GreekChat.com Forums (https://greekchat.com/gcforums/index.php)

- Greek Life (https://greekchat.com/gcforums/forumdisplay.php?f=24)

- - (Resolved) GreekChat Recent Outages & Server Issues (https://greekchat.com/gcforums/showthread.php?t=240332)

Whenever the spontaneous reboots occur it usually causes some crashed tables and other tables not being closed properly. Fortunately, as far as I'm aware, so far none of this has caused any major database problems.

Anyhow, everything should be back in order and functioning properly again.

Thanks for everything, John!

Had another spontaneous server hard reboot today...

2 spontaneous reboots on March 1st. One around 9:30 AM and the other around 10:00 PM. That's what took GC offline for a while last night. Some database issues just slow things down a bunch but others take the site completely offline.

Just finished fixing things up.

With the reboots happening more often, I might move GC to a different server temporarily until things with the current server or datacenter equipment are sorted out.

Thanks for keeping us updated, John. Gotta love hardware!

Happened again 8pm tonight. All sorted out now.

Yesterday I set things up so I receive text and email notifications immediately after unexpected server reboots which will speed up how fast I can get any resulting issues corrected when/if it occurs again.

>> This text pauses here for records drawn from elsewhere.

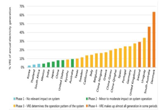 图1 不同国家/地区波动性可再生能源发电占比及相应的系统集成阶段(2018年)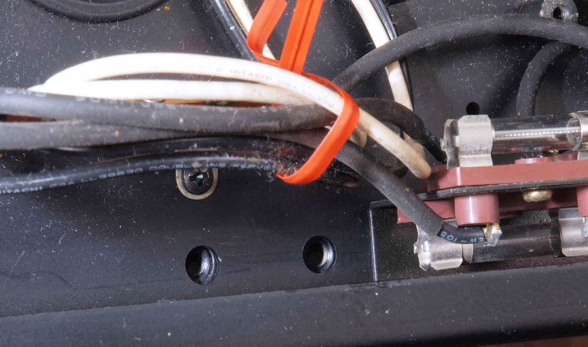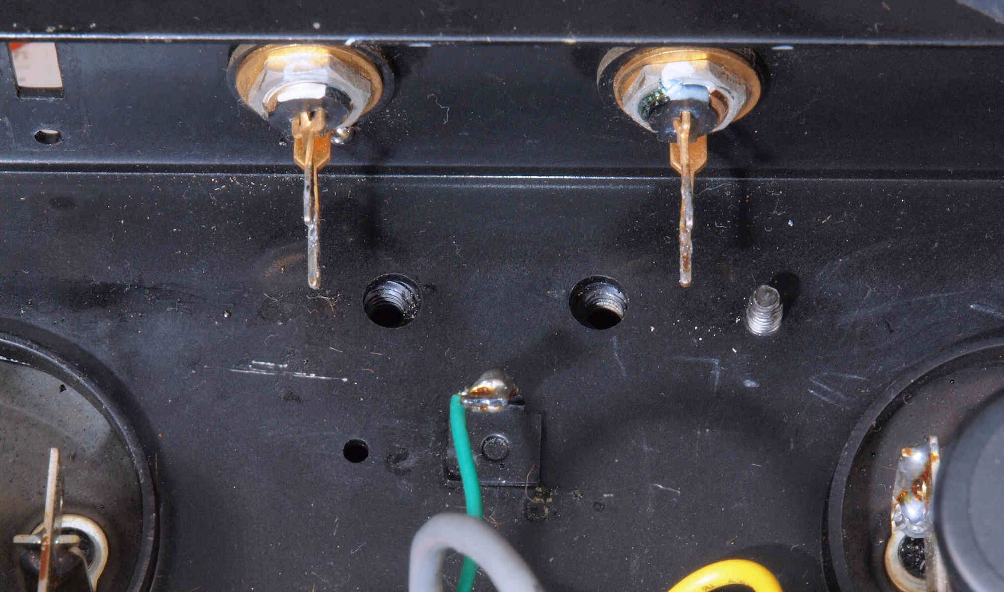 | A. 修理前の状況 A11. 点検中 電解コンデンサー・カバー取り付けビス(後)が無い! シャシがキズ付いていないのと、ネジ山の塗装が取れて以内ので、製造時から? |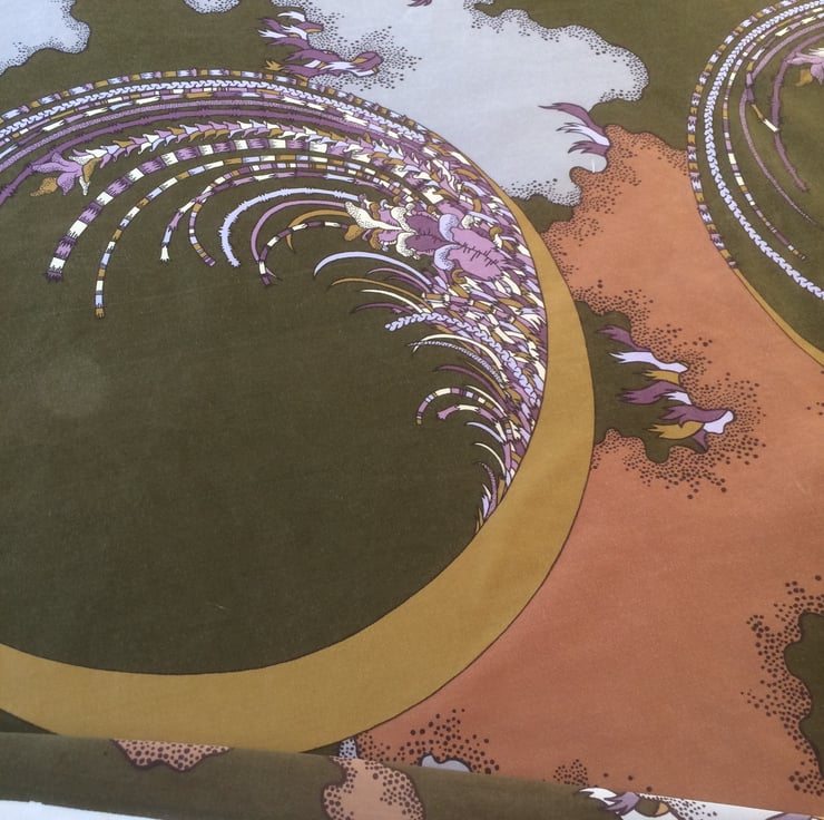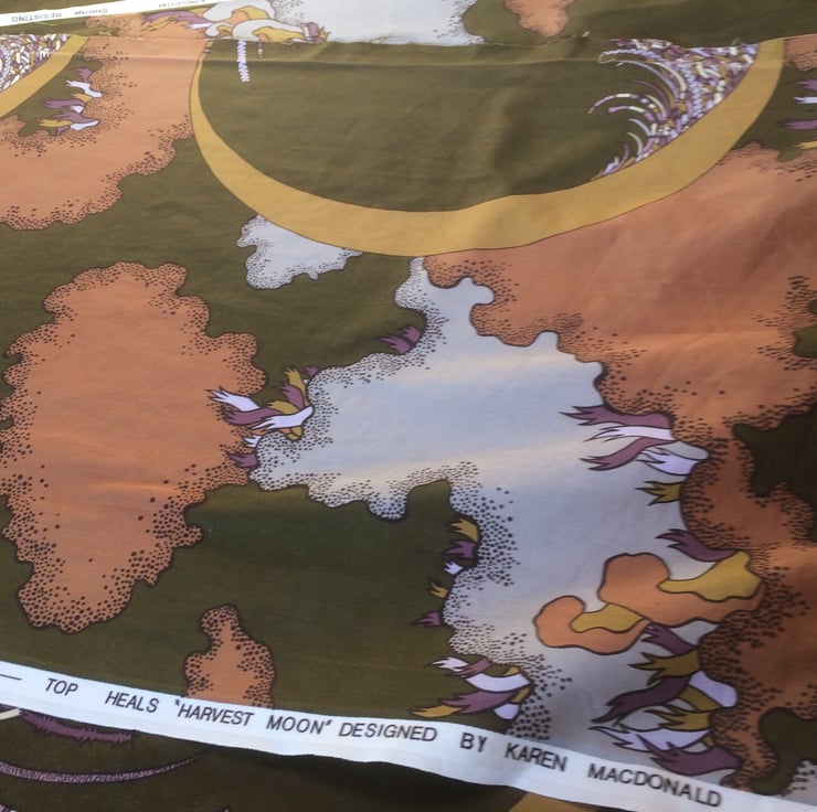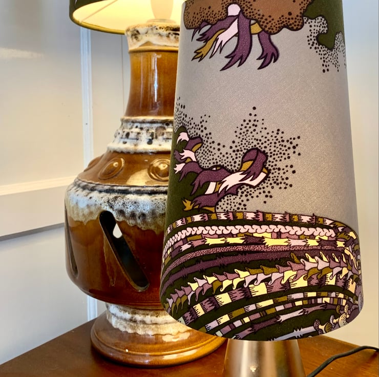 Groovy HARVEST MOON designed by Karen Macdonald for Heals Vintage Fabric Lampshade option - beautiful feature fabric for a lampshade in a modern or retro home. Particularly good if you have a 70s theme to your home and looks great with light shining through/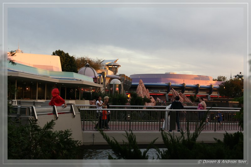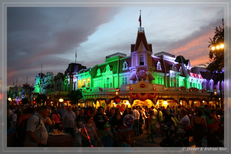 Als wir uns anschließend in Richtung Main Street bewegten, war dort schon alles für die große Halloween-Party geschmückt und abgesperrt. Ohne Extra-Ticket gab es nirgends mehr Zutritt und wir konnten nur noch ganz am Rande durch die uns entgegenströmende Menschenmenge in Richtung Ausgang laufen.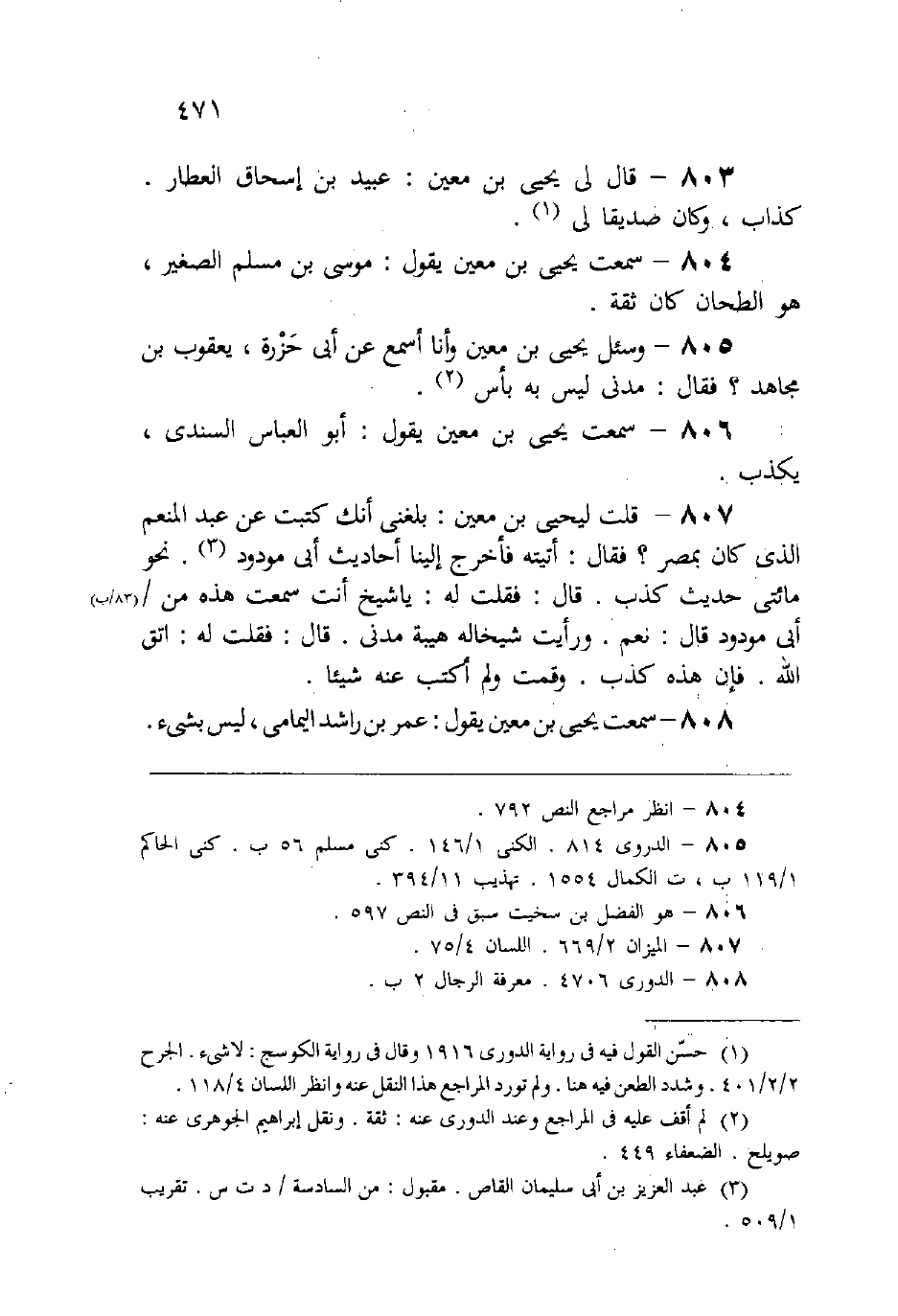 (807) قلت ليحيى بن معين: بلغني أنك كتبت عن عبد المنعم الذي كان بمصر؟ فقال: «أتيته، فأخرج إلينا أحاديث أبي مودود، نحو مائتي حديث كذب» ، قال: «فقلت له: يا شيخ، أنت سمعت هذه من أبي مودود؟ قال: (نعم، ورأيت شيخًا له هيبة مدني) » ، قال: «فقلت له: اتق الله، فإن هذه كذب، وقمت ولم أكتب عنه شيئًا» .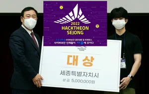 [스마트시티투데이] 전국 최초 대학생을 대상으로 세종시에서 열린 사이버보안 경진대회에서 숭실대 ASC(박성준, 박상준, 이든솔, 문형일)팀이 대상을 차지했다. 세종특별자치시는 지난 11일부터 12일까지 정부세종컨벤션센터에서 ‘제1회 2022 핵테온 세종(2022...

Also yesterday I discovered that all these server hard reboots are causing plenty of other problems that I'll probably be needing to sort out sometime soon as well. I'll post details regarding these other issues either later tonight or tomorrow.

You're the best John.

Another hard reboot around an hour ago... All fixed up again.

Quote:

Originally Posted by FSUZeta (Post 2454566)

You're the best John.

Sure doesn't feel like it during times like this. :o :eek: I suppose on the positive side it's good that GC hasn't had any technical issues like this in probably over 10 years. And once all the issues are sorted out more permanently GC should end up with a server setup that is much more resilient to issues such as what we're facing now. :)

What you do is totally voodoo to me.

I do appreciate it!

Quote:

Originally Posted by AZTheta (Post 2454572)

What you do is totally voodoo to me.

My first instinct was to respond that it's not as complicated as it seems... but it probably is. I've just been doing this stuff for so long that much of it has become second nature.

Quote:

Originally Posted by John (Post 2454551)

I'll post details regarding these other issues either later tonight or tomorrow.

So...

The forum software we use here at GC, similar to most forum type software, uses the MySQL database software. MySQL, at least when this version of the forum software we are on was developed, defaulted to the MyISAM database storage engine.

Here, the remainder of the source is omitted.